Step 4 — fix from the top of the cost stack
Profile shows where the time is. Fix the biggest line first — premature micro-optimizations are wasted effort.
Step 5 — verify
Re-profile after each change. Don't ship a "performance fix" without numbers proving it helped.
Step 6 — long-term hygiene
- Budget perf in CI — Lighthouse CI / size-limit.
- Track INP in RUM — surfaces real-user slowness.
- Document the dashboard's load-time budgets so future features know the constraints.
Interview framing
"First, I don't guess — I profile. React DevTools Profiler shows which components rendered and why; Chrome Performance shows main-thread time and layout. From there the culprit is usually one of: derived data recomputed every render (fix with useMemo), memoized children re-rendering because props aren't referentially stable, heavy compute on the main thread (move to a worker), a huge list rendered without virtualization, or refetching the entire dataset per filter change. I'd debounce the filter input, cache by filter combination, and prefer server-side filtering.

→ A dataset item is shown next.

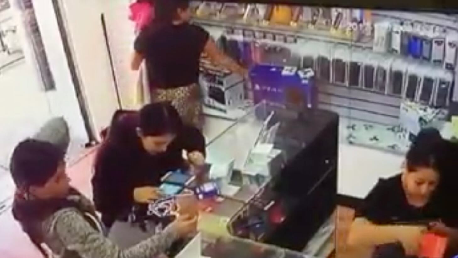En la cinta publicada en la página de Facebook de Stereo 100 se ve que que la mujer aprovecha que la dependiente del comercio está ocupada atendiendo a unos clientes.

Then fix the biggest item, re-profile, repeat — and protect the gain with a perf budget so it doesn't regress."
Follow-up questions
- •Walk through using the React DevTools Profiler on this.

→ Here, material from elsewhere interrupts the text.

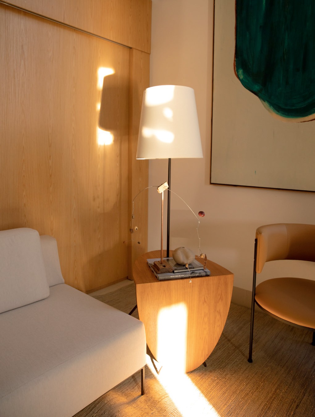 O sol da manhã entrando pela janela e refletindo sobre os objetos da casa, dando a eles vida e uma iluminação especial, é um de seus momentos preferidos. “Isso me exercita artisticamente. É um preparo e um relaxamento para o dia que vai começar.” Deixar a luz entrar é quase um resumo dos dias de infância vividos ao ar livre no sítio da família, em Tocantins.
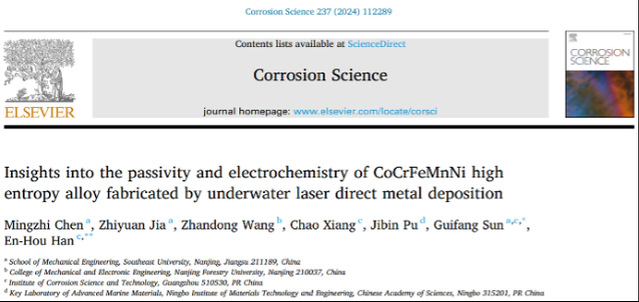 高熵合金(HEA)以其卓越的耐腐蚀性、高强度、高韧性及价格优势,在海洋工程领域展现了巨大的应用潜力。尤其值得一提的是,CoCrFeMnNi HEA因其有望突破传统结构材料强度与延展性相互制约的独特能力而获得广泛关注。鉴于严苛海洋环境极易诱发大型海工装备的腐蚀损伤,造成重大安全隐患,现场修复需求尤为迫切。原位制备CoCrFeMnNi熵合金涂层修复损伤结构件可显著延长水下在役海工装备的服役寿命。然而,当前对于高熵合金沉积层在海洋环境中的钝化膜性质及其形成机理尚未完全揭示,这构成了其腐蚀防护与耐蚀性能预测研究中的一大挑战。

- •When do you move compute to a worker vs memoize it?
- •Why might React.memo not help on a child?
- •How do you protect a perf fix from regressing?
Common mistakes
- •Guessing the bottleneck and adding useMemo everywhere.
- •Memoizing children whose props are fresh references every render.
- •Not virtualizing 5000-row tables.
- •Heavy compute on the main thread blocking input.
- •No perf budget — gains regress within a quarter.
Performance considerations
- •The whole topic. INP / TBT / main-thread time are the metrics. Cache, memoize, virtualize, worker — in that order of usual impact.
Edge cases
- •Slow on low-end mobile only.
- •Slow only after some interaction (memory leak?).
- •Slow only with specific filter combinations (specific data shape).
Real-world examples
- •Analytics dashboards (Mixpanel, Amplitude, Datadog) — heavy lists + charts + filters.
- •Admin panels with large data tables.